Definition df-fun 6553

Description: Define predicate that determines if some class 𝐴 is a function. Definition 10.1 of [Quine] p. 65. For example, the expression Fun cos is true once we define cosine (df-cos 16052). This is not the same as defining a specific function's mapping, which is typically done using the format of cmpt 5233 with the maps-to notation (see df-mpt 5234 and df-mpo 7429). Contrast this predicate with the predicates to determine if some class is a function with a given domain (df-fn 6554), a function with a given domain and codomain (df-f 6555), a one-to-one function (df-f1 6556), an onto function (df-fo 6557), or a one-to-one onto function (df-f1o 6558). For alternate definitions, see dffun2 6561, dffun3 6565, dffun4 6567, dffun5 6568, dffun6 6564, dffun7 6583, dffun8 6584, and dffun9 6585. (Contributed by NM, 1-Aug-1994.)

Assertion

Ref	Expression
df-fun	⊢ (Fun 𝐴 ↔ (Rel 𝐴 ∧ (𝐴 ∘ ◡𝐴) ⊆ I ))
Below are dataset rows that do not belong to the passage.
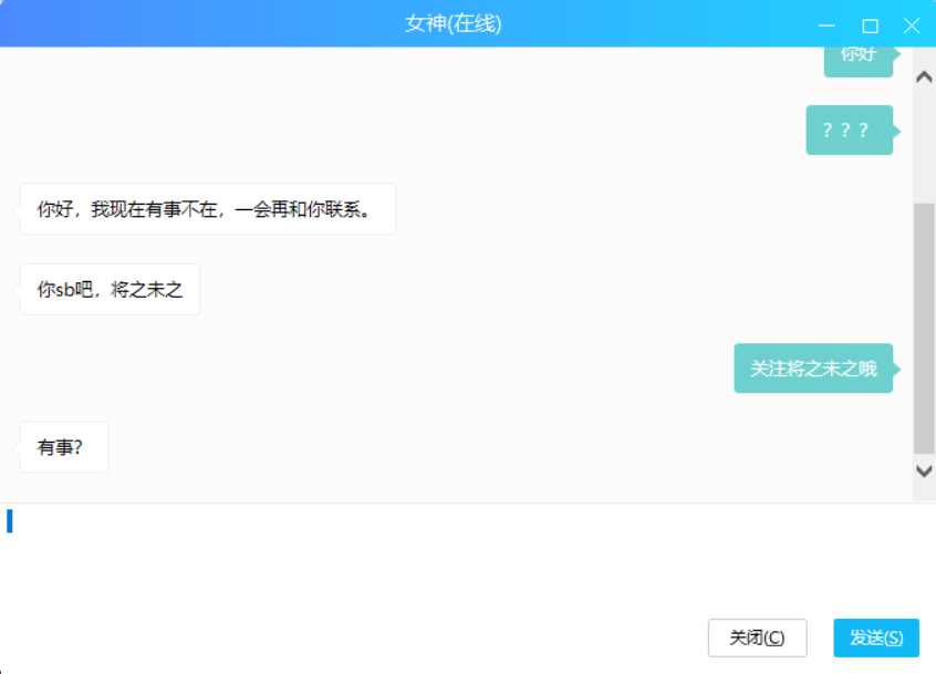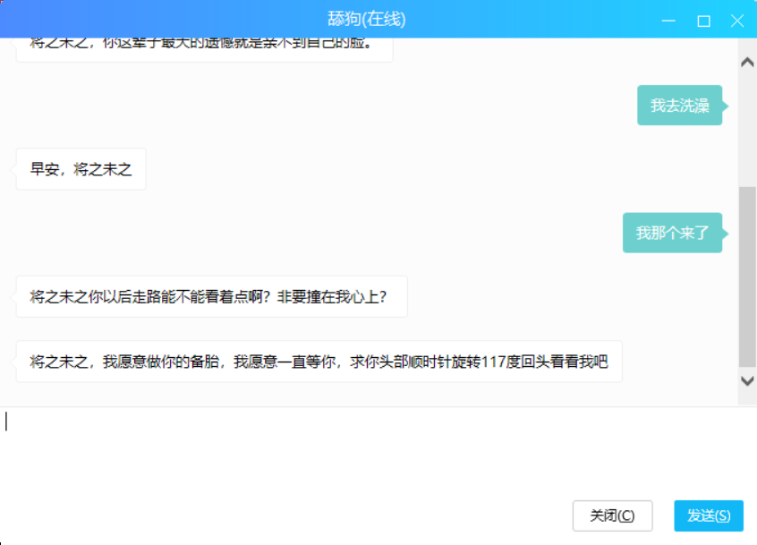 首先来看看舔狗模式。可以看到女神是十分高冷的,需要追女神的不如先来练练,连程序都感动了,还怕追不到女神吗?
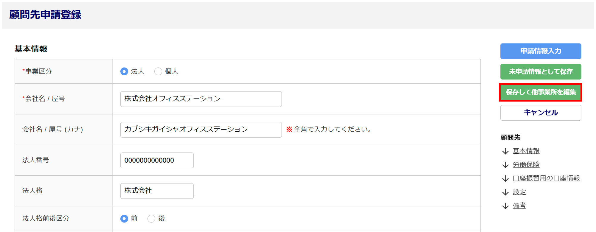 新規で顧問先情報を入力し、[保存して他事業所を編集]から進んだ場合は、本マニュアル内「他事業所情報の入力」へお進みください。
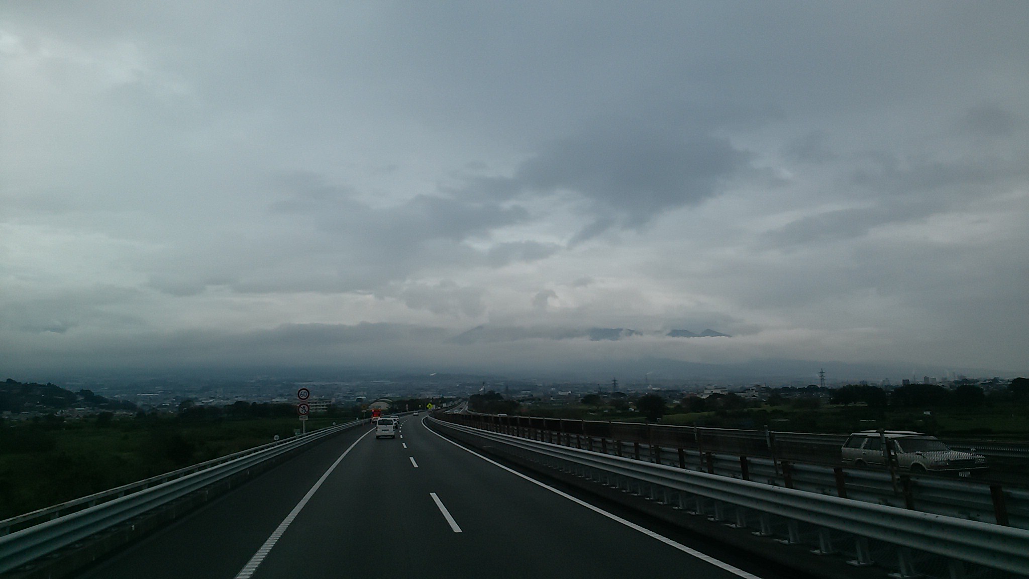 富士山は雲に隠れて見えない。
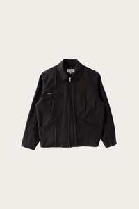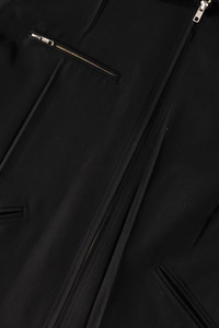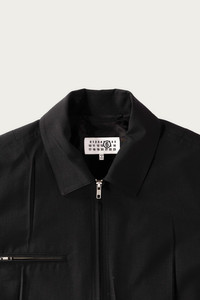MM6 reworks a familiar zip jacket with a sculptural approach to tailoring. The clean front is interrupted by intentional darting and stitched folds that create movement and dimension across the surface. The result is a piece that feels minimal at first glance but reveals a thoughtful pattern cut and a strong sense of shape. The fabric has a smooth, structured hand that holds the silhouette without feeling rigid. A two way zipper and angled pockets round out the design with everyday function. - Structured woven fabric with a smooth finish - Front darting and paneled construction - Two way front zipper - Angled welt pockets and a zip chest pocket - Relaxed fit with a modern shape - Signature MM6 interior branding - Black
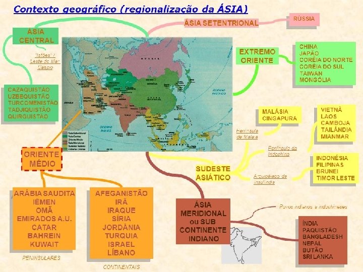 l O maior continente do mundo possui uma divisão bem diferenciada. São seis regiões que compõem à Ásia, delimitando as áreas geoeconômicas do continente asiático: ÁSIA CENTRAL, EXTREMO ORIENTE, NORTE DA ÁSIA, ORIENTE MÉDIO, SUDESTE ASIÁTICO E SUL DA ÁSIA.
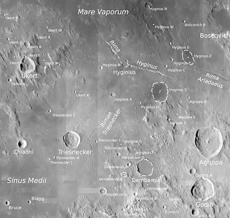 Кратер находится в Заливе Центральный (лат. Sinus Medii). Ближайшими соседями кратера являются кратер Брюс на западе; кратер Хладни на севере; кратер Триснеккер на северо-востоке и кратер Рэтик на востоке-юго-востоке[1].
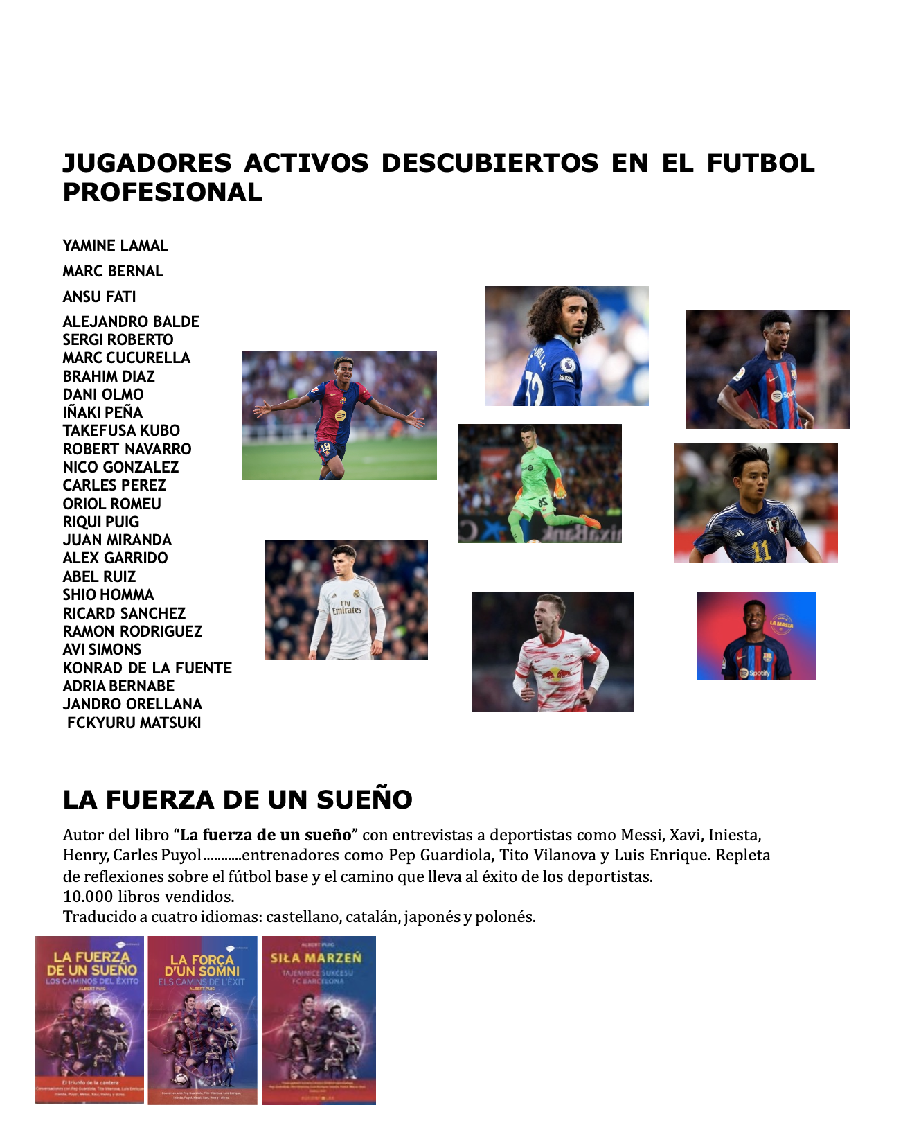 - Worked with some of the best current professionals in the world, Yamine Lamal, Ansu Fati, Marc Cucurella, Brahim Diaz (full list below)
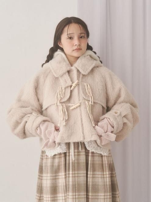 ファー襟付きツイードショートコート 25秋冬.【CWFC255007】ウールコート -
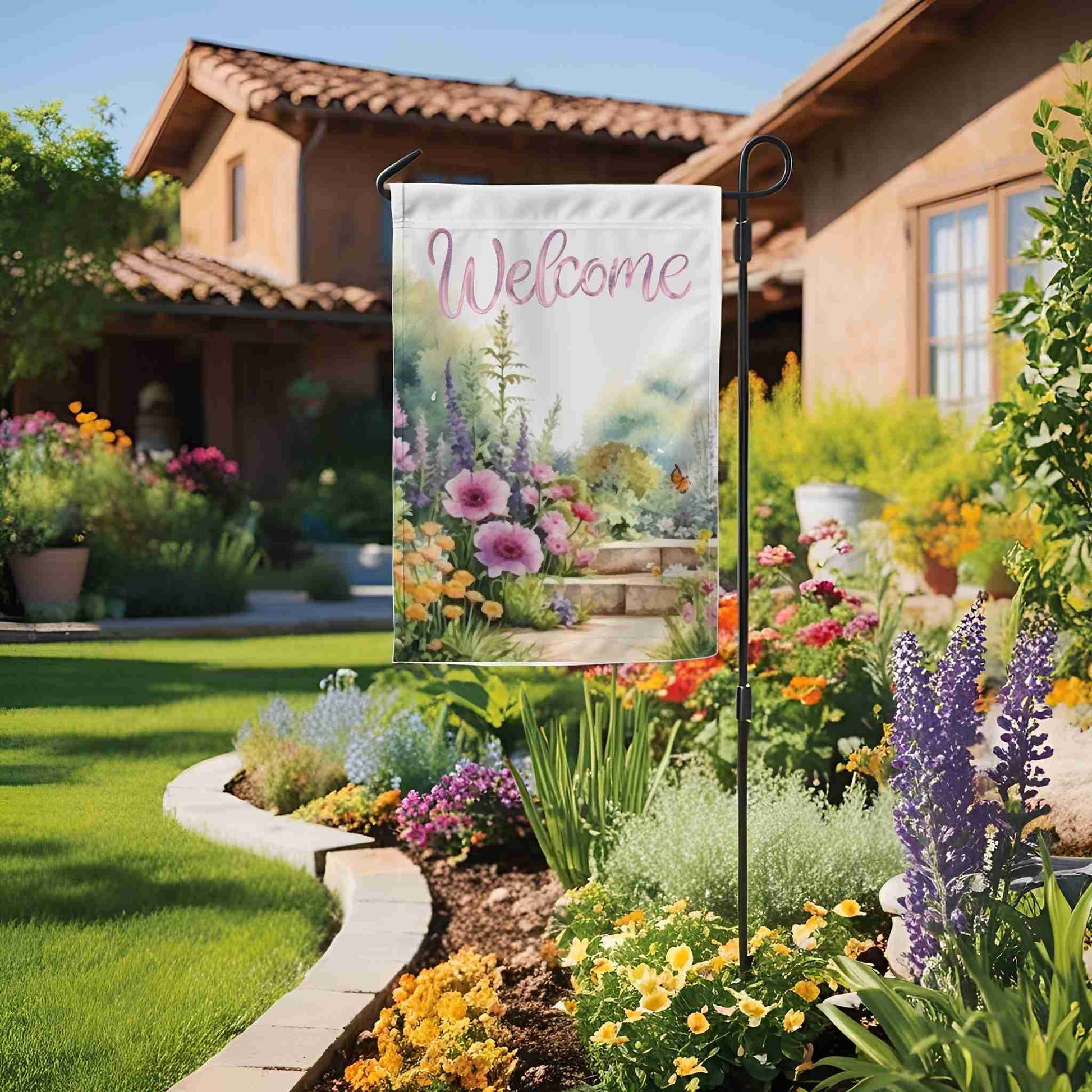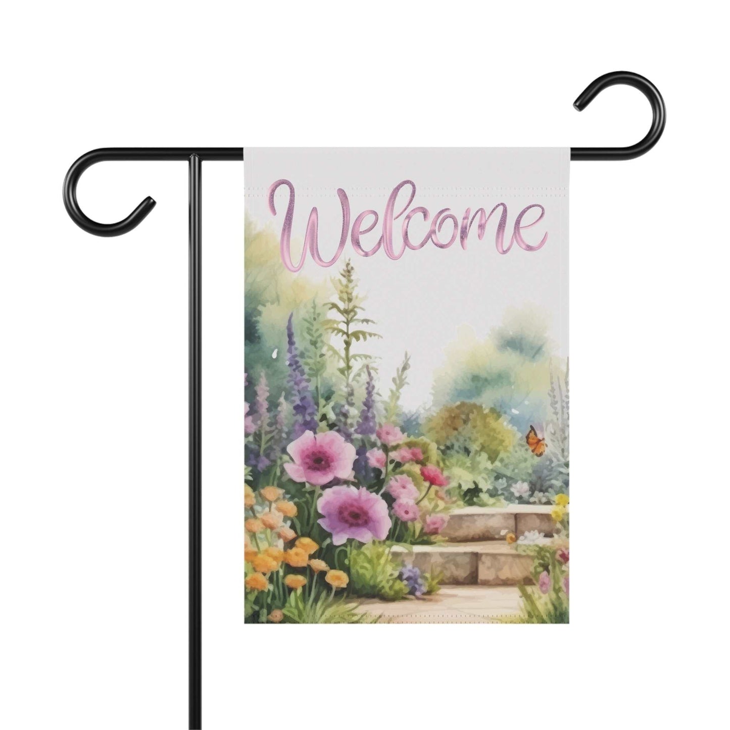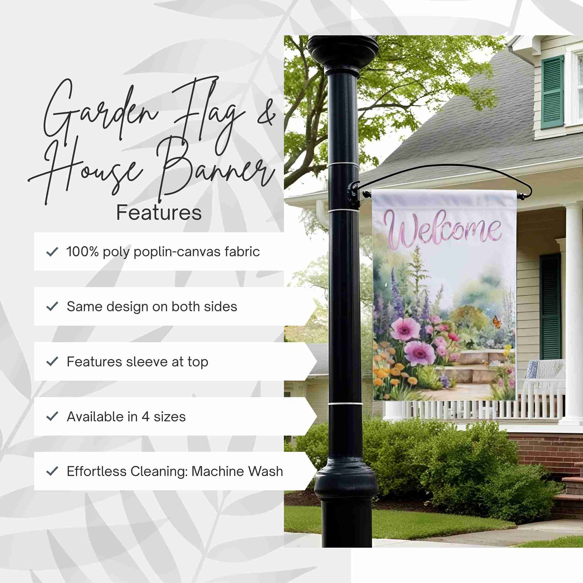 Welcome guests with the vibrant charm of the Petalscape Garden Banner or House Flag, a perfect addition to your spring and summer outdoor décor. Featuring a beautifully detailed floral garden design, this double-sided fabric banner adds a warm and inviting touch to your front porch, garden, or yard. Crafted from durable poly poplin-canvas fabric in an elegant off-white background, it’s designed to withstand the elements while maintaining its vivid colors season after season. Available in multiple sizes—12”x18”, 18.325”x27”, 24”x32”, and 24”x36”—this versatile floral banner fits most standard garden flag poles (stand or pole not included). The top pole slot makes hanging effortless with no need for additional loops. Whether you’re looking to brighten your home’s entrance or searching for the perfect gift for the gardening enthusiast in your life, the Petalscape Garden Banner is an ideal seasonal accent to celebrate the beauty of spring and summer.
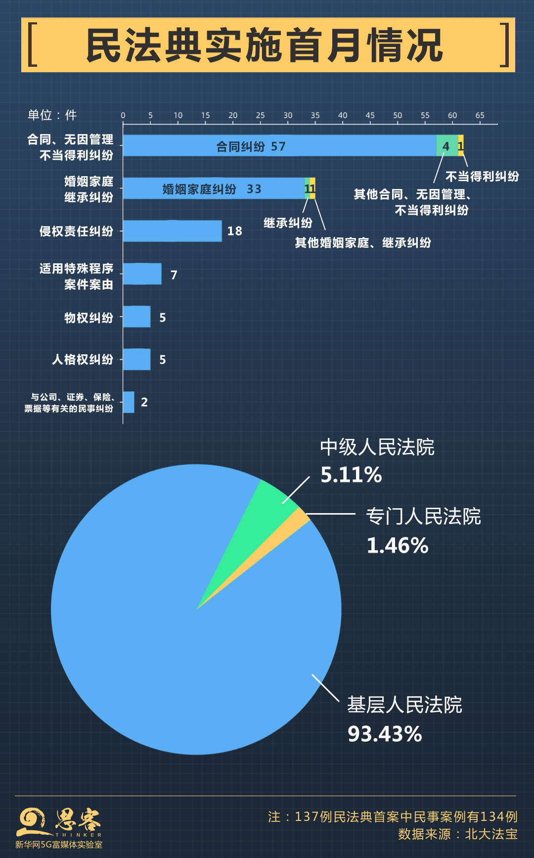 2021年1月1日起,《中华人民共和国民法典》正式施行。根据北大法宝数据统计,137例民法典各案由的“第一案”中,民事案例有134例,总占比为97.8%,涉及7种一级案由。其中,合同、无因管理、不当得利纠纷最多,有62例;其次是婚姻家庭、继承纠纷35例。

Detailed syntax breakdown of Definition df-fun

Step	Hyp	Ref	Expression
1		cA	. . 3 class 𝐴
2	1	wfun 6545	. 2 wff Fun 𝐴
3	1	wrel 5685	. . 3 wff Rel 𝐴
4	1	ccnv 5679	. . . . 5 class ◡𝐴
5	1, 4	ccom 5684	. . . 4 class (𝐴 ∘ ◡𝐴)
6		cid 5577	. . . 4 class I
7	5, 6	wss 3947	. . 3 wff (𝐴 ∘ ◡𝐴) ⊆ I
8	3, 7	wa 394	. 2 wff (Rel 𝐴 ∧ (𝐴 ∘ ◡𝐴) ⊆ I )
9	2, 8	wb 205	1 wff (Fun 𝐴 ↔ (Rel 𝐴 ∧ (𝐴 ∘ ◡𝐴) ⊆ I ))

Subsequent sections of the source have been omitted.